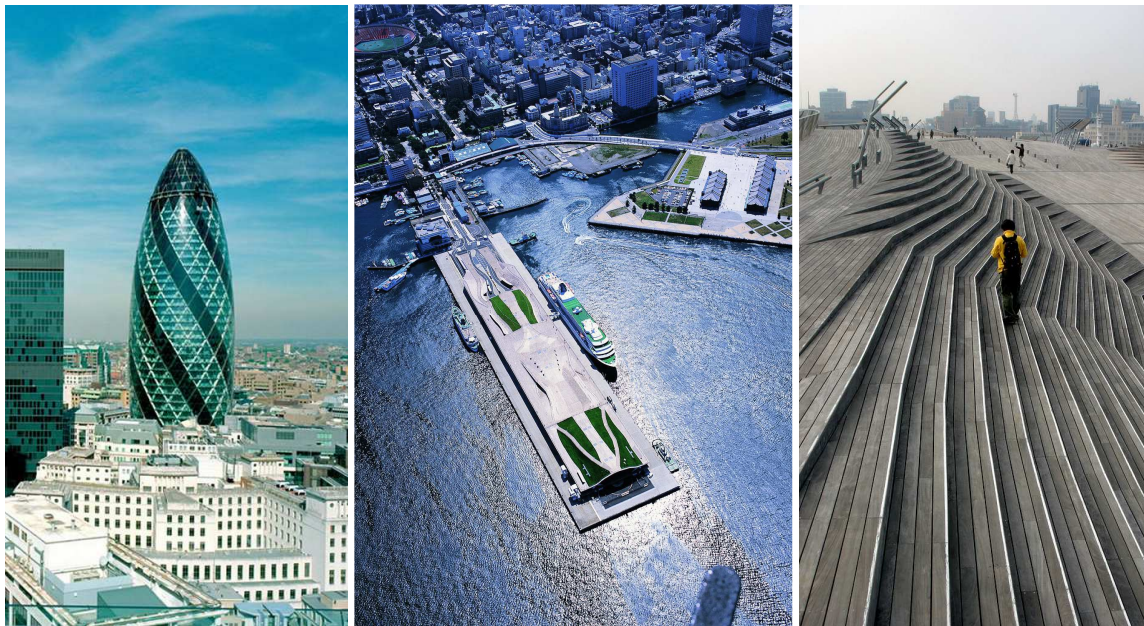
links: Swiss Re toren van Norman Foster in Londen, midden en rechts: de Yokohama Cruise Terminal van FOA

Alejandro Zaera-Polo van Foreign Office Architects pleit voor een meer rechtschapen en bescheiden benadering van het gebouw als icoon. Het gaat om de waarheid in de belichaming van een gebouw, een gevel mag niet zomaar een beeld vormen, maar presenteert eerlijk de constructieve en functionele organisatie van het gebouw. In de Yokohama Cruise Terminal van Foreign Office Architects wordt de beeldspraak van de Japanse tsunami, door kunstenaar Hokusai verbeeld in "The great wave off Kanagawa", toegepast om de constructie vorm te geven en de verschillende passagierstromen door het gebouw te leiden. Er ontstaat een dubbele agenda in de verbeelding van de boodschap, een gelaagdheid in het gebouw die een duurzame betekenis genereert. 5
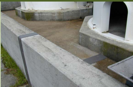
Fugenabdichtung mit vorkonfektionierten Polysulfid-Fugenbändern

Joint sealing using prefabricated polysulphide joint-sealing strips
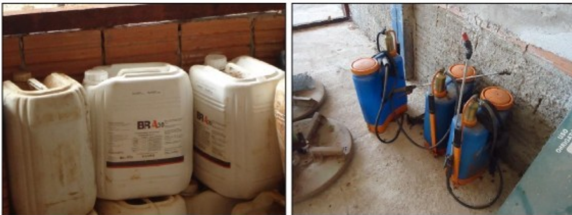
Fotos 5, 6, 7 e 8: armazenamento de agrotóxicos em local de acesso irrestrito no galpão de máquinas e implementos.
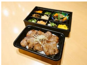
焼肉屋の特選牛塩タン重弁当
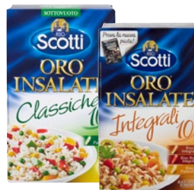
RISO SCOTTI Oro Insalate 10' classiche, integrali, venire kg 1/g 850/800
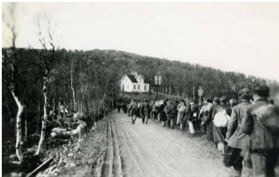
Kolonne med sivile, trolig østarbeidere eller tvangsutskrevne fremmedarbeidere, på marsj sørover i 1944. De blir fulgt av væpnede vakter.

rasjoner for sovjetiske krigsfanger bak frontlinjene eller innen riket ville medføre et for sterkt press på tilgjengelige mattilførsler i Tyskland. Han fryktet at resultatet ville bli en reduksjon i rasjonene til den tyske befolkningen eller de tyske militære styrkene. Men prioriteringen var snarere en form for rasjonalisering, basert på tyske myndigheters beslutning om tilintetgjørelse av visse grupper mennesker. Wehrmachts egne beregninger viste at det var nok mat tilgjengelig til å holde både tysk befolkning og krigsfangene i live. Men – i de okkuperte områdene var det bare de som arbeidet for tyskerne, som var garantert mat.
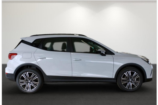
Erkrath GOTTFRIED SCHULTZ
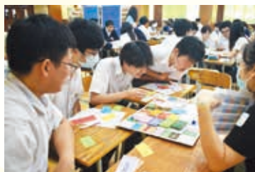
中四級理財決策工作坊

════════════════

## Work to be completed
Could you copy the listing exactly, leaving out any pictures?

## Answer for the task
links: Swiss Re toren van Norman Foster in Londen, midden en rechts: de Yokohama Cruise Terminal van FOA

Alejandro Zaera-Polo van Foreign Office Architects pleit voor een meer rechtschapen en bescheiden benadering van het gebouw als icoon. Het gaat om de waarheid in de belichaming van een gebouw, een gevel mag niet zomaar een beeld vormen, maar presenteert eerlijk de constructieve en functionele organisatie van het gebouw. In de Yokohama Cruise Terminal van Foreign Office Architects wordt de beeldspraak van de Japanse tsunami, door kunstenaar Hokusai verbeeld in "The great wave off Kanagawa", toegepast om de constructie vorm te geven en de verschillende passagierstromen door het gebouw te leiden. Er ontstaat een dubbele agenda in de verbeelding van de boodschap, een gelaagdheid in het gebouw die een duurzame betekenis genereert. 5
Fugenabdichtung mit vorkonfektionierten Polysulfid-Fugenbändern

Joint sealing using prefabricated polysulphide joint-sealing strips
Fotos 5, 6, 7 e 8: armazenamento de agrotóxicos em local de acesso irrestrito no galpão de máquinas e implementos.
焼肉屋の特選牛塩タン重弁当
RISO SCOTTI Oro Insalate 10' classiche, integrali, venire kg 1/g 850/800
Kolonne med sivile, trolig østarbeidere eller tvangsutskrevne fremmedarbeidere, på marsj sørover i 1944. De blir fulgt av væpnede vakter.

rasjoner for sovjetiske krigsfanger bak frontlinjene eller innen riket ville medføre et for sterkt press på tilgjengelige mattilførsler i Tyskland. Han fryktet at resultatet ville bli en reduksjon i rasjonene til den tyske befolkningen eller de tyske militære styrkene. Men prioriteringen var snarere en form for rasjonalisering, basert på tyske myndigheters beslutning om tilintetgjørelse av visse grupper mennesker. Wehrmachts egne beregninger viste at det var nok mat tilgjengelig til å holde både tysk befolkning og krigsfangene i live. Men – i de okkuperte områdene var det bare de som arbeidet for tyskerne, som var garantert mat.
Erkrath GOTTFRIED SCHULTZ
中四級理財決策工作坊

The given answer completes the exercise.